We're at the CC Hurn Lane site next week.

It would be nice to say "hello" if anyone's there.


----------



## geraldandannie (Jun 4, 2006)

'Fraid not, Dave.

Moved to "Informal Meets" :wink:

Gerald


----------



## Zebedee (Oct 3, 2007)

geraldandannie said:


> 'Fraid not, Dave.
> 
> Moved to "Informal Meets" :wink:
> 
> Gerald


Ta Gerald.

Pity - would have been nice to meet.


----------



## geraldandannie (Jun 4, 2006)

Zebedee said:


> Pity - would have been nice to meet.


A lot of people say that ... until they meet me 

When are you actually there? We're away, but only in the static. We could, of course, change our plans :wink:

Gerald


----------



## Zebedee (Oct 3, 2007)

geraldandannie said:


> Zebedee said:
> 
> 
> > Pity - would have been nice to meet.
> ...


You would probably be equally underwhelmed by the experience Gerald, so please don't mess up your arrangements on our account. 8O

We arrive Sunday and leave Friday morning - like all sensible oldies do to avoid the crowds and the kids. :roll: 8O


----------



## hilldweller (Mar 8, 2008)

No way.

Forum Assistants don't get time off, get back to work, we expect a ship shape forum, we do.


----------



## Zebedee (Oct 3, 2007)

hilldweller said:


> No way.
> 
> Forum Assistants don't get time off, get back to work, we expect a ship shape forum, we do.


How do you know I'm not on an expenses-paid trip for Nuke . . . . . yeah, yeah. Silly question!! :lol: :lol:


----------



## hilldweller (Mar 8, 2008)

Zebedee said:


> How do you know I'm not on an expenses-paid trip for Nuke . . .

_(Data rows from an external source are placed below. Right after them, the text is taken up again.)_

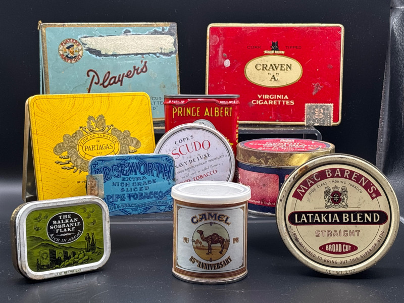 Great collection of vintage tobacco and cigarette tins featuring several well-known historic brands. This nostalgic lot includes colorful advertising tins from classic tobacco companies and makes a fantastic display group for collectors. The lot includes multiple brands that were staples of early to mid-20th century tobacco advertising. These tins are popular among collectors because of their bold graphics, iconic brand names, and nostalgic packaging designs. Visible brands in the lot include: • Prince Albert tobacco tin The variety of shapes, colors, and brands makes this a great instant display collection for tobacco memorabilia enthusiasts. • Lot includes multiple vintage tobacco and cigarette tins Vintage condition with wear, scratches, and age-related patina consistent with use and storage. 📦 Shipping available. Tobacco tins became highly collectible because companies invested heavily in colorful lithographed advertising designs to stand out on store shelves. Many collectors today enjoy displaying these tins as examples of early advertising and packaging history.
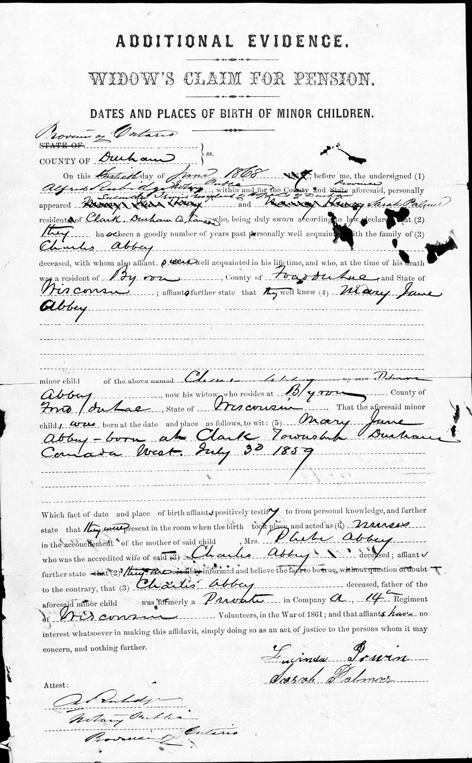 Mary Jane Abbey Birth Record. As a Civil War widow applying for survi vor benefits for her minor children, Phoebe Elizabeth (Searle) Abbey needed to provide birth certificates. Since none existed, she needed to provide affidavits from those who attended the birth.
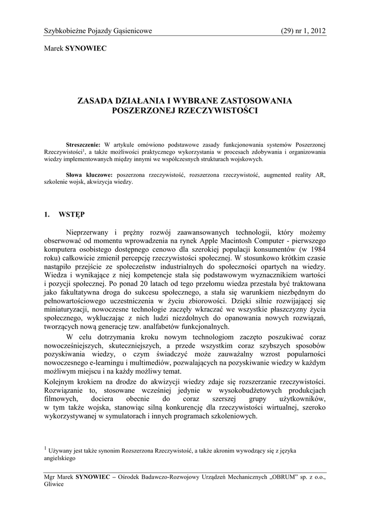 Szybkobieżne Pojazdy Gąsienicowe (29) nr 1, 2012 Marek SYNOWIEC ZASADA DZIAŁANIA I WYBRANE ZASTOSOWANIA POSZERZONEJ RZECZYWISTOŚCI Streszczenie: W artykule omówiono podstawowe zasady funkcjonowania systemów Poszerzonej Rzeczywistości1, a także możliwości praktycznego wykorzystania w procesach zdobywania i organizowania wiedzy implementowanych między innymi we współczesnych strukturach wojskowych. Słowa kluczowe: poszerzona rzeczywistość, rozszerzona rzeczywistość, augmented reality AR, szkolenie wojsk, akwizycja wiedzy. 1. WSTĘP Nieprzerwany i prężny rozwój zaawansowanych technologii, który możemy obserwować od momentu wprowadzenia na rynek Apple Macintosh Computer - pierwszego komputera osobistego dostępnego cenowo dla szerokiej populacji konsumentów (w 1984 roku) całkowicie zmienił percepcję rzeczywistości społecznej. W stosunkowo krótkim czasie nastąpiło przejście ze społeczeństw industrialnych do społeczności opartych na wiedzy. Wiedza i wynikające z niej kompetencje stała się podstawowym wyznacznikiem wartości i pozycji społecznej. Po ponad 20 latach od tego przełomu wiedza przestała być traktowana jako fakultatywna droga do sukcesu społecznego, a stała się warunkiem niezbędnym do pełnowartościowego uczestniczenia w życiu zbiorowości. Dzięki silnie rozwijającej się miniaturyzacji, nowoczesne technologie zaczęły wkraczać we wszystkie płaszczyzny życia społecznego, wykluczając z nich ludzi niezdolnych do opanowania nowych rozwiązań, tworzących nową generację tzw. analfabetów funkcjonalnych. W celu dotrzymania kroku nowym technologiom zaczęto poszukiwać coraz nowocześniejszych, skuteczniejszych, a przede wszystkim coraz szybszych sposobów pozyskiwania wiedzy, o czym świadczyć może zauważalny wzrost popularności nowoczesnego e-learningu i multimediów, pozwalających na pozyskiwanie wiedzy w każdym możliwym miejscu i na każdy możliwy temat. Kolejnym krokiem na drodze do akwizycji wiedzy zdaje się rozszerzanie rzeczywistości. Rozwiązanie to, stosowane wcześniej jedynie w wysokobudżetowych produkcjach filmowych, dociera obecnie do coraz szerszej grupy użytkowników, w tym także wojska, stanowiąc silną konkurencję dla rzeczywistości wirtualnej, szeroko wykorzystywanej w symulatorach i innych programach szkoleniowych. 1 Używany jest także synonim Rozszerzona Rzeczywistość, a także akronim wywodzący się z języka angielskiego Mgr Marek SYNOWIEC – Ośrodek Badawczo-Rozwojowy Urządzeń Mechanicznych „OBRUM” sp. z o.o., Gliwice Marek SYNOWIEC 2. CZYM JEST POSZERZONA RZECZYWISTOŚĆ? Poszerzona rzeczywistość (ang. Augmented Reality) jest stosunkowo młodym obszarem badań informatyki, który zajmuje się łączeniem, czy też nakładaniem na elementy świata rzeczywistego obiektów wirtualnych. Dzięki temu rozwiązaniu użytkownik uzyskuje możliwość rozszerzenia dostępnych zmysłowo elementów świata realnego o dodatkowe segmenty informacyjne, estetyczne, optymalizacyjne otrzymane przy wykorzystaniu technologii informatycznych. Rys. 1 przedstawia schemat kontinuum rzeczywistości. Wynika z niego, iż poza możliwością poszerzania obrazu świata rzeczywistego istnieje także możliwość podejścia odwrotnego, tzn. poszerzania obrazu świata wirtualnego o elementy świata rzeczywistego. Granica pomiędzy sferą Poszerzonych: Rzeczywistości i Wirtualności jest niezwykle płynna i zasadza się w znacznej mierze na stosunku ilości elementów wywodzących się ze świata realnego do tych, utworzonych za pośrednictwem metod informatycznych. W celu ukrócenia niejasności oraz ewentualnych sporów nomenklaturowych, przyjąłem definicję AR, nawiązującą do tekstu Ivana Sutherlanda pt. „The Ultimate Display” z 1965 roku stanowiącego podwaliny dla dalszego rozwoju Poszerzonej Rzeczywistości, a zaproponowaną przez R. Azumę [1], który twierdził, że warunkiem mówienia o poszerzonej rzeczywistości konieczne jest współistnienie trzech czynników: połączenia świata wirtualnego z realnym, interaktywności treści w czasie rzeczywistym, rejestracji w trzech wymiarach. Mieszana Rzeczywistość Środowisko rzeczywiste Poszerzona Rzeczywistość AR Poszerzona Wirtualność AV Środowisko wirtualne Rys. 1. Schemat ciągłości rzeczywistości (autorstwo: Milgram i Kishino, 1994 r.) Rzeczywistość może być rozszerzana o dodatkowe dane na wielu płaszczyznach. Podstawowym, a zarazem najgłębiej przebadanym i najlepiej do tej pory rozwiniętym wykorzystaniem tej technologii są aplikacje dedykowane oddziaływaniu na wzrok i słuch użytkownika (wiązało się to w głównej mierze z prostotą nakładania treści/plików graficznych i dźwiękowych na odpowiadające im obiekty świata realnego). Wraz z dalszymi badaniami nad możliwościami AR zaczęto wprowadzać „rozszerzenia” dla pozostałych zmysłów. Dzięki zastosowaniu odpowiednich czujników pojawiła się możliwość wykorzystania dotyku w interfejsie oprogramowania oraz przy manipulowaniu nakładanymi elementami wirtualnymi. Niedawno zostały zaproponowane rozwiązania przeznaczone dla dwóch pozostałych zmysłów: węchu i smaku. W pierwszym przypadku urządzenie po identyfikacji tekstury (ciasto, czekolada, owoce itp.) za pośrednictwem dozownika rozpyla odpowiednie aromaty (Rys.2a). Natomiast urządzenie TagCandy otwiera przed użytkownikiem paletę nowych doznań za pośrednictwem Zasada działania i wybrane zastosowania poszerzonej rzeczywistości „zwykłego” lizaka (rys. 2b). Ze względu jednak na brak (do tej pory) aplikacji wojskowych ukierunkowanych na smak i węch, rozwiązania te zostaną pominięte w dalszym opisie. a) projekt: Meta cookie [22], b) projekt: TagCandy [23] Rys. 2. Aplikacje AR Prace nad rzeczywistością poszerzoną zostały zapoczątkowane w latach sześćdziesiątych, jednakże pierwsze skuteczne i użytkowe wdrożenie w sferze cywilnej miało miejsce trzy dekady później,

Oh I see, snout well and truly in the trough already. Who do you think you are, an MP ?

AAMOI - Nuke - where does that come from, does he glow in the dark ?


----------



## LadyJ (May 9, 2005)

Sorry Dave we will be at the Haven site at Mablethorpe for the week after we leave Newark


Jacquie


----------



## Zebedee (Oct 3, 2007)

LadyJ said:


> Sorry Dave we will be at the Haven site at Mablethorpe for the week after we leave Newark
> 
> Jacquie


    

Avatar still looks good Jacquie! :lol:


----------